NEW BEDFORD, Mass. — August 5, 2012 — Drastic cuts to allowable catch for the 2013 fishing year proposed Thursday are too much. Too much in light of the evidence that stock assessments are unreliable, and too much for struggling small boat owners to bear.
The news delivered by the New England Fishery Management Council in Portsmouth, N.H., brought a quick response from Sens. John Kerry and Scott Brown, and Reps. Barney Frank, John Tierney and William Keating, asking for immediate relief for the vulnerable members of the beleaguered industry in the Northeast.
It's not the first time congressmen have sought disaster relief for the fishermen, and they have in the past been vigorously joined in the request by New England governors.
If only the federal government would recognize what is so obvious to those who watch as the catch share system now in its second year squeezes out the small fry and consolidates the fleet into the hands of the few.
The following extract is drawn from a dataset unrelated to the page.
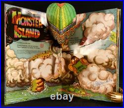 A charming children's pop-up book, following Fred and Lucy as their balloon crashes into the sea off Monster Island, where they see some astonishing creatures. Consisting of six double-paged colour plates, each with a central pop-up segment, and with further pull tabs and spinning wheels to the perimeters of pop-ups. All parts complete, and in full working order.

Fishermen have adapted with equipment and communication to avoid choke species, and the feds have responded again with broad-brush, high-impact decisions based on outdated models and dubious data.
It's a failure of the bureaucracy that allows reliance on an acknowledged weak system to drive policy — policy that will keep fishermen off the water when there are hundreds of millions of dollars in allowable quota left in the ocean each year.
The process is upside-down. To err on the side of caution, we would protect the fisherman, wouldn't we? They are the ones who have worked so hard with UMass scientists to keep the fisheries afloat this season.